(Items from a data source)

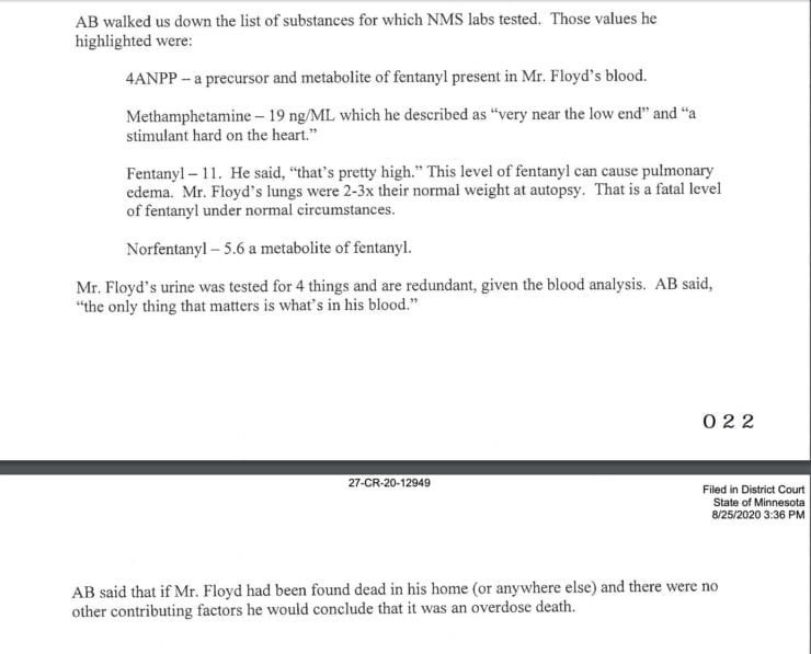 damning toxicology report that blew to smithereens the whole prosecution theory that the police had killed Floyd. To their undoubted dismay, Dr. Baker, the chief medical examiner, had to concede that at 11 ng/mL, Floyd had “a fatal level of fentanyl under normal circumstances.” He also conceded that the fentanyl overdose “can cause pulmonary edema,” a frothy fluid build-up in the lungs that was evidenced by the finding at autopsy that Floyd’s lungs weighed two to three times normal weight.
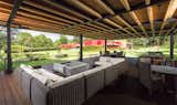 A completely new garden design integrating a covered terrace to the side overlooking the central lake was made. The lake is connected to a river that runs through the field to get the running water, a very important element in the whole project . The terraces and pools of water connecting the interior with the exterior and allow you to enjoy the pleasant ambient temperature to be enjoyed throughout the year .
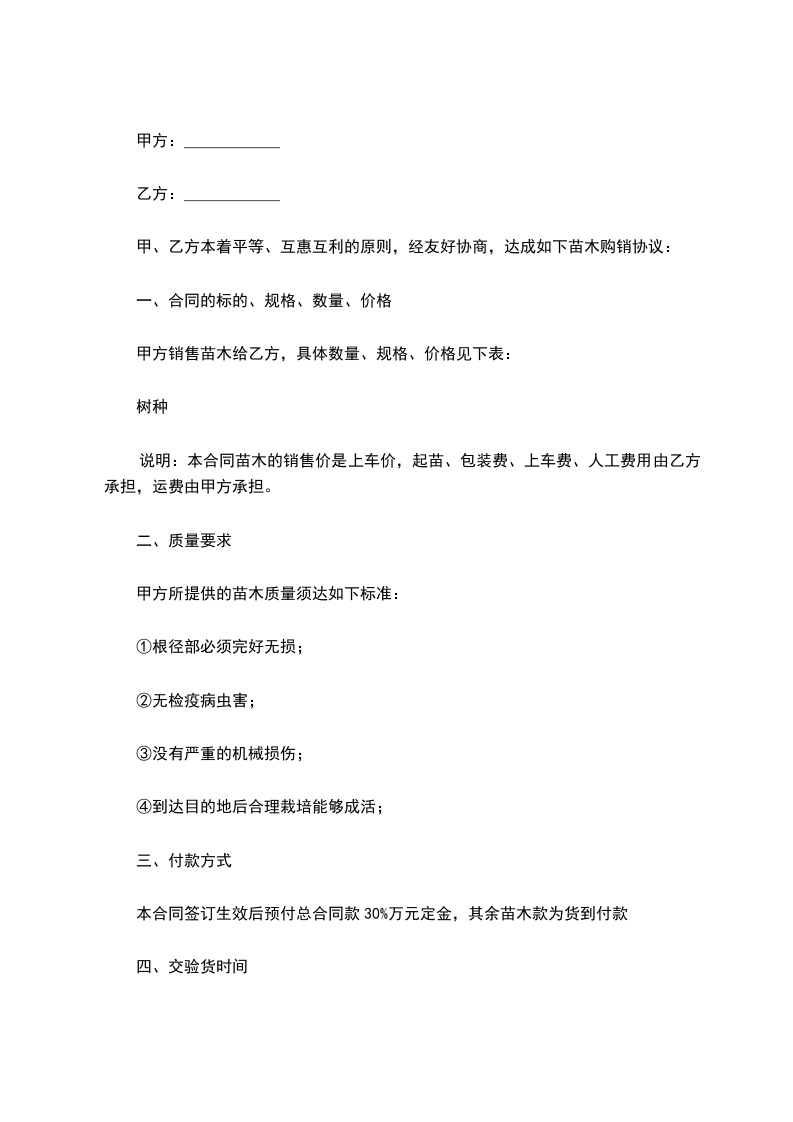 一、甲方向乙方采购苗木_______株,金额为人民币________.甲方与乙方按实际采购苗木数量,按实结算。
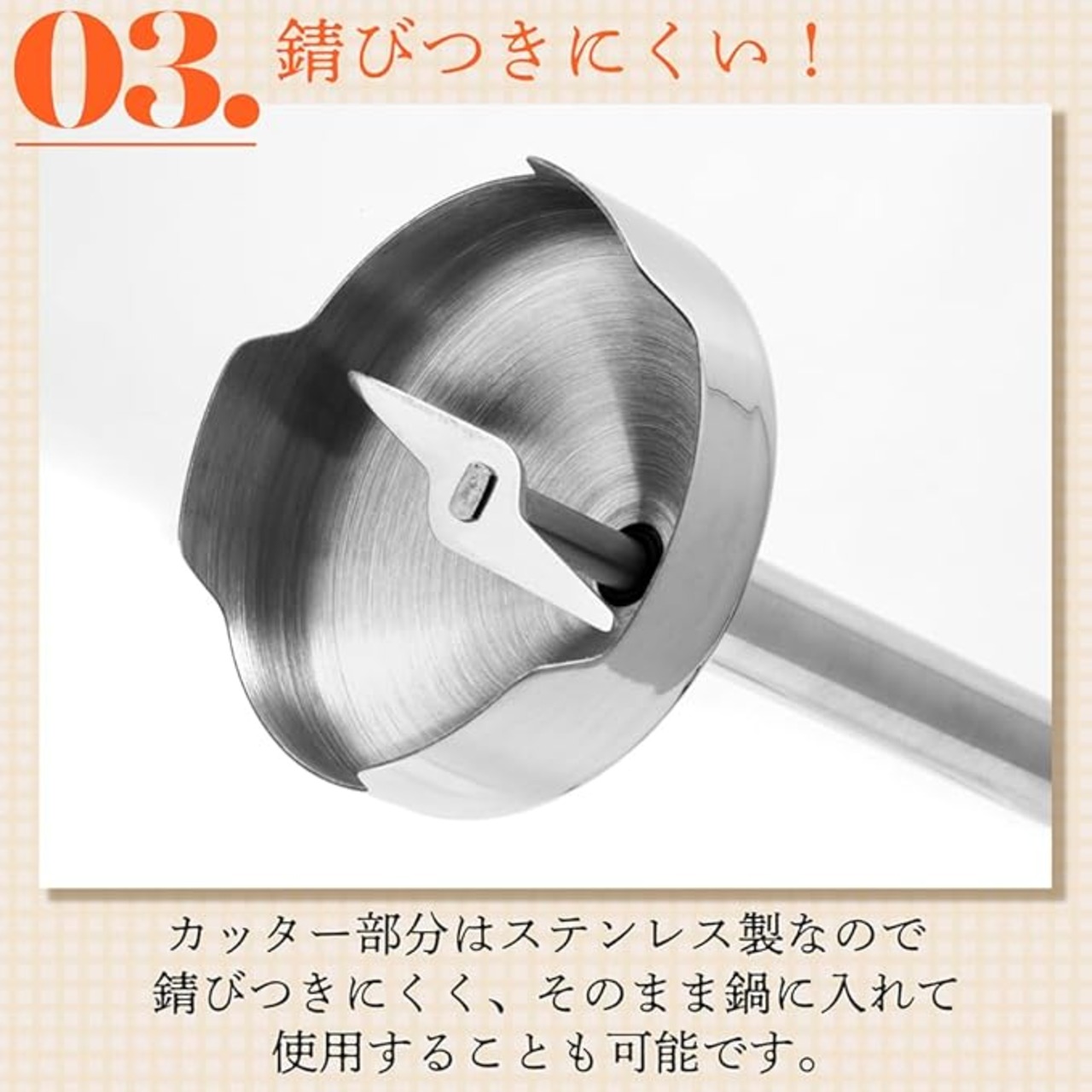 錆びつきにくい! カッター部分はステンレス製なので 錆びつきにくく、そのまま鍋に入れて 使用することも可能です。
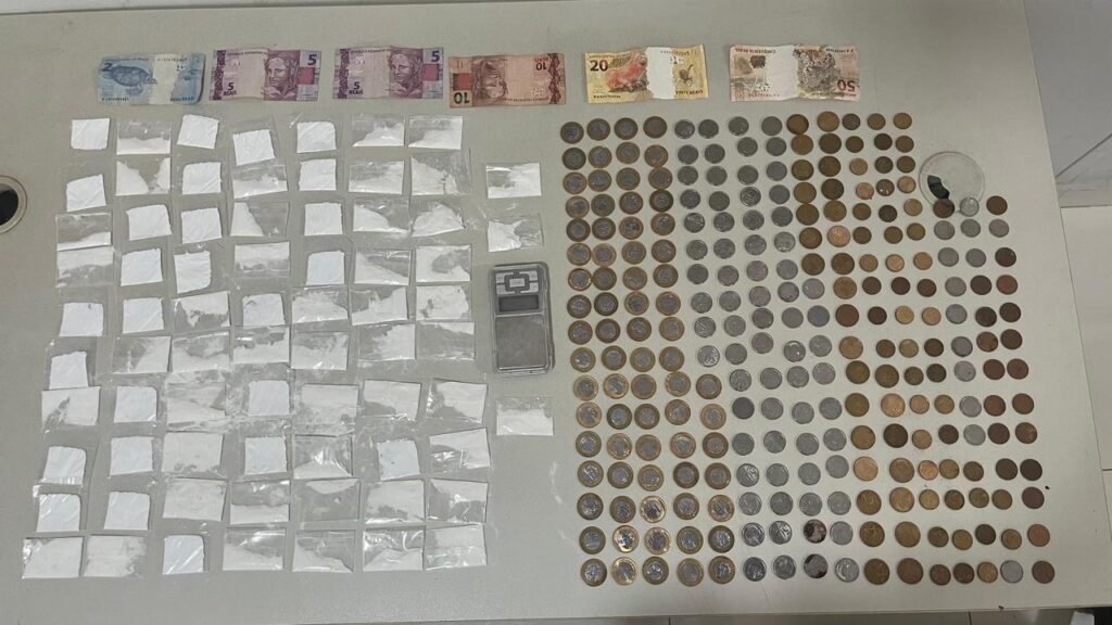 Após monitoramento, os policiais confirmaram a veracidade das denúncias. Ao perceber a aproximação das guarnições, o suspeito tentou se desfazer do material ilícito, mas foi rapidamente abordado e contido. Com ele, foram apreendidos cerca de 120 gramas de substância análoga à cocaína, uma balança de precisão e R$ 216,15 em dinheiro.
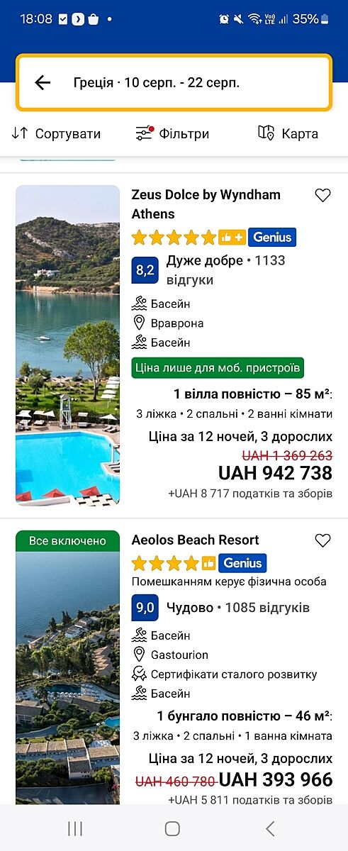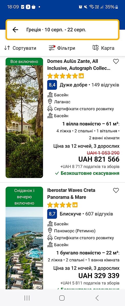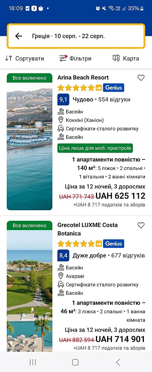 От в букінг забито 12 ночей, все включено і 2 спальні на 3х дорослих
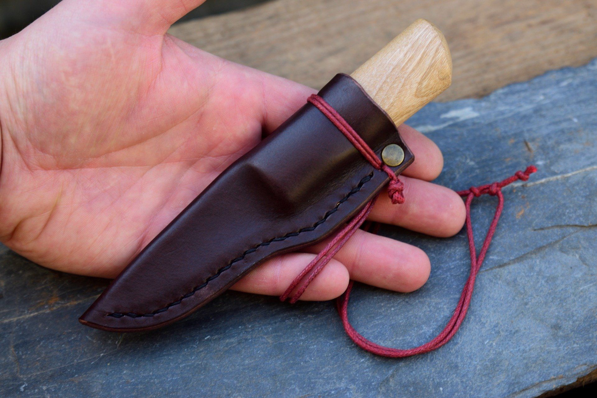 Etui en cuir tannage végétal 2mm, moulé et cousu point sellier. Couture coté tranchant

• Task requirements:
In your copy, include every record word for word but no pictures.

• Task result:
 damning toxicology report that blew to smithereens the whole prosecution theory that the police had killed Floyd. To their undoubted dismay, Dr. Baker, the chief medical examiner, had to concede that at 11 ng/mL, Floyd had “a fatal level of fentanyl under normal circumstances.” He also conceded that the fentanyl overdose “can cause pulmonary edema,” a frothy fluid build-up in the lungs that was evidenced by the finding at autopsy that Floyd’s lungs weighed two to three times normal weight.
 A completely new garden design integrating a covered terrace to the side overlooking the central lake was made. The lake is connected to a river that runs through the field to get the running water, a very important element in the whole project . The terraces and pools of water connecting the interior with the exterior and allow you to enjoy the pleasant ambient temperature to be enjoyed throughout the year .
 一、甲方向乙方采购苗木_______株,金额为人民币________.甲方与乙方按实际采购苗木数量,按实结算。
 錆びつきにくい! カッター部分はステンレス製なので 錆びつきにくく、そのまま鍋に入れて 使用することも可能です。
 Após monitoramento, os policiais confirmaram a veracidade das denúncias. Ao perceber a aproximação das guarnições, o suspeito tentou se desfazer do material ilícito, mas foi rapidamente abordado e contido. Com ele, foram apreendidos cerca de 120 gramas de substância análoga à cocaína, uma balança de precisão e R$ 216,15 em dinheiro.
 От в букінг забито 12 ночей, все включено і 2 спальні на 3х дорослих
 Etui en cuir tannage végétal 2mm, moulé et cousu point sellier. Couture coté tranchant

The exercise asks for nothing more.